Wireless, chips, and video were a common theme among the vendors that secured VC financing, but the biggest round was raised by a smart-grid player, Silver Spring Networks.
VC activity outside North America was mostly clustered in Europe and Israel. The exception was China, which showed promise with several major deals, including PearlinPalm ($10 million) and AltoBeam ($8 million).
China's strong VC performance has been helped along by the fact that many major vendors elsewhere slashed R&D spending by over 10% in 2009. This has created strong opportunities for vendors such as Huawei and ZTE to form venture funds to finance redoubled R&D efforts.
While both already have huge R&D operations, they spend less on R&D as a share of revenue than some peers. If they follow the example of Intel, Microsoft, Google, and other large technology firms and create their own venture funds, and use a little bit of their massive bank credit lines for this, then things could really get interesting.
Active debt markets
While VC flows have fallen, vendors and CSPs have had surprising success recently in raising money by issuing debt through private placements. The sector raised $46.8 billion this way in 2009, and $15.3 billion in the fourth quarter alone - compared to just $11 billion for the whole of 2008.
Every region saw strong gains in both deal count and value during the quarter and the year, with Australia, Hong Kong, China and India all seeing major deals.
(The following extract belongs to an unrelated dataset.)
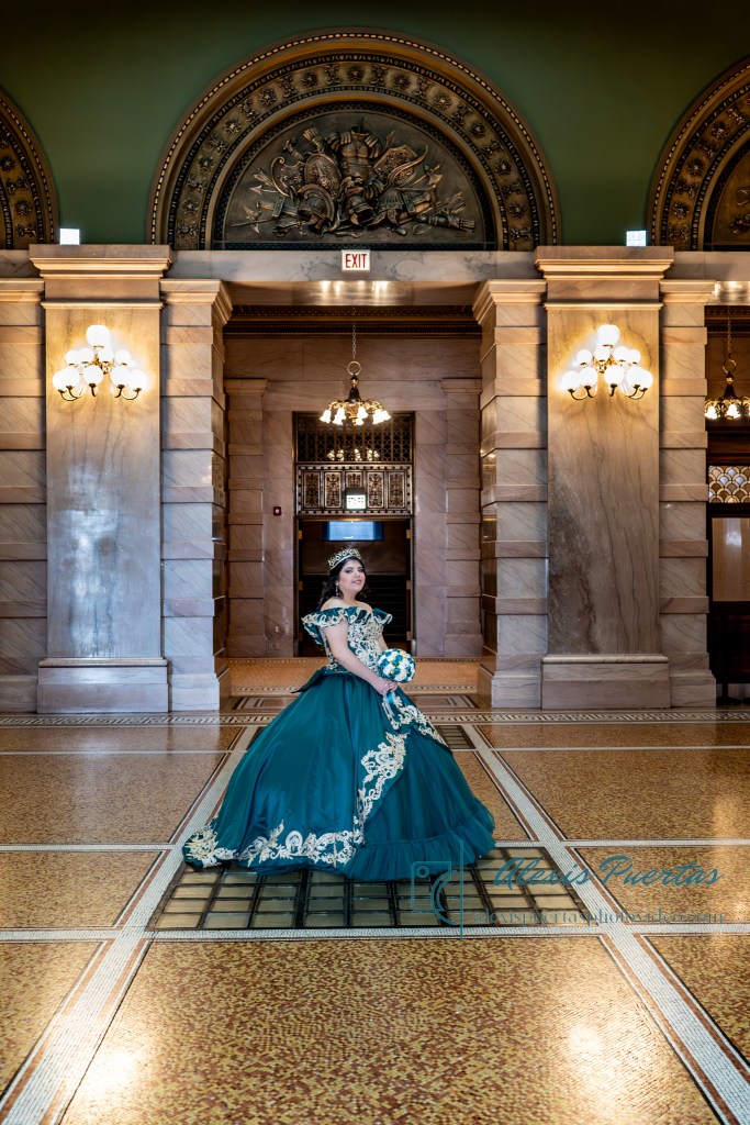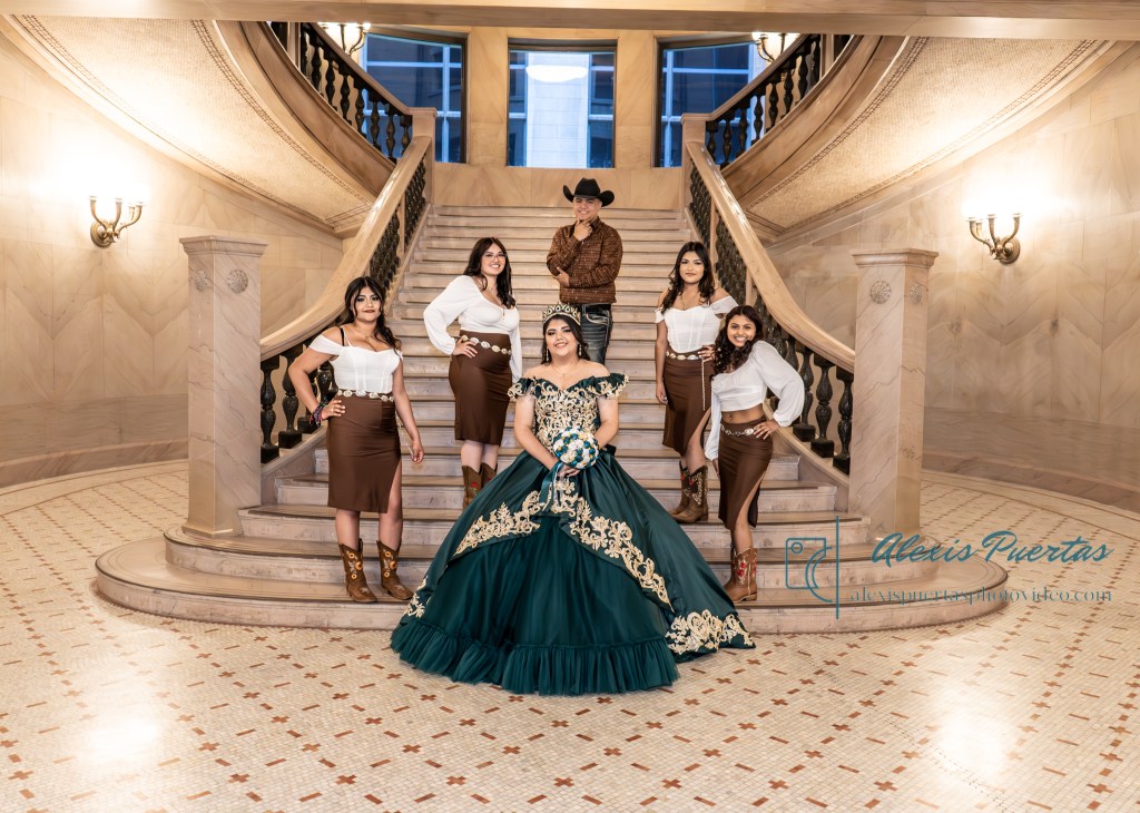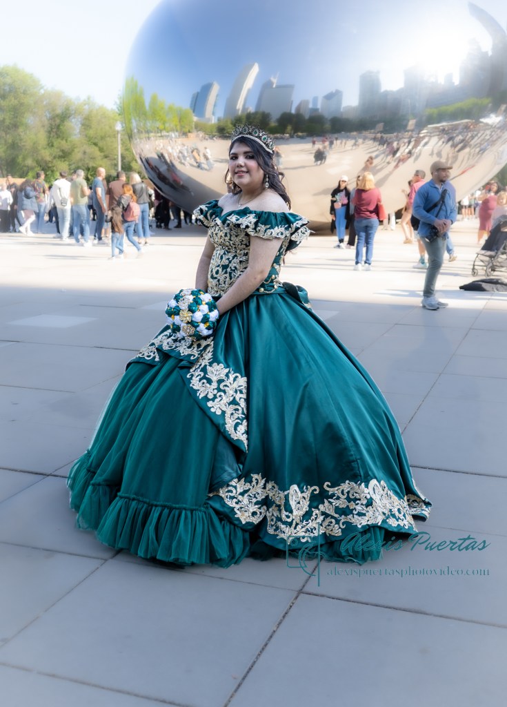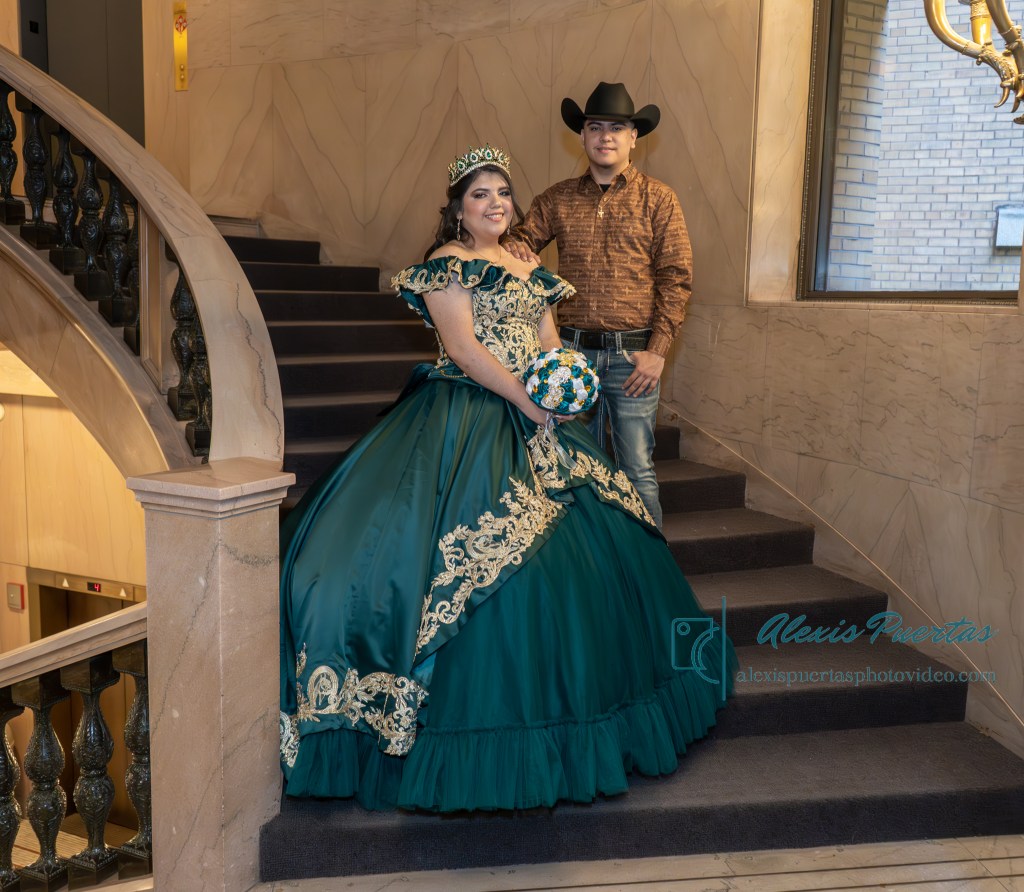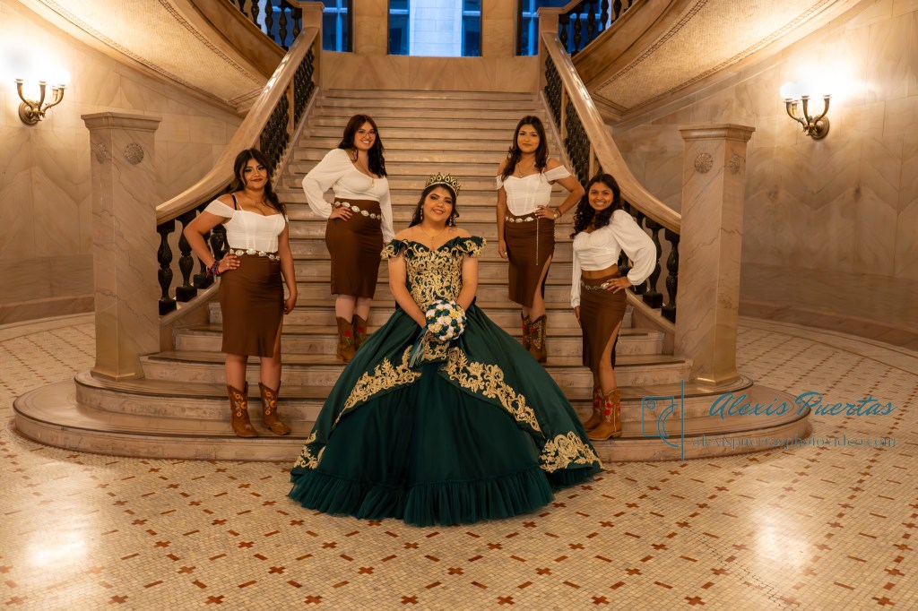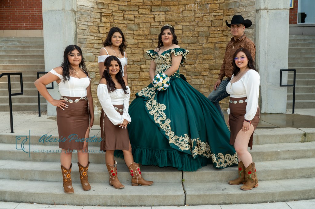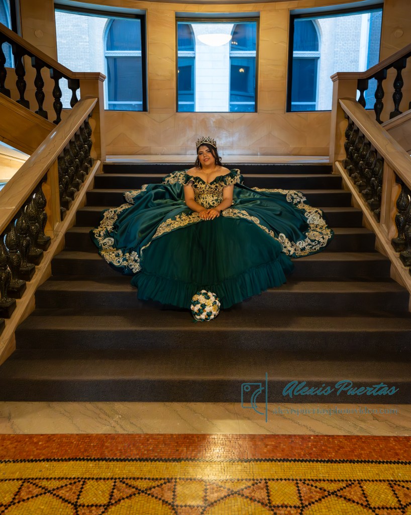 Preciosa quinceañera con su bellísimo vestido verde con detalles dorados

The largest single placement was for $4 billion by US operator Verizon Wireless. Competitor Clearwire raised $3 billion throughout the year through two separate placements. The strong growth in the US can be explained by the fact that its public markets were the hardest-hit by the economic downturn.
Private debt markets have been more effective fundraisers than public stock offerings simply because, until recently, public markets have been hostile to new stock issuances. In North America especially, public offerings were virtually non-existent from 4Q07 to 4Q08.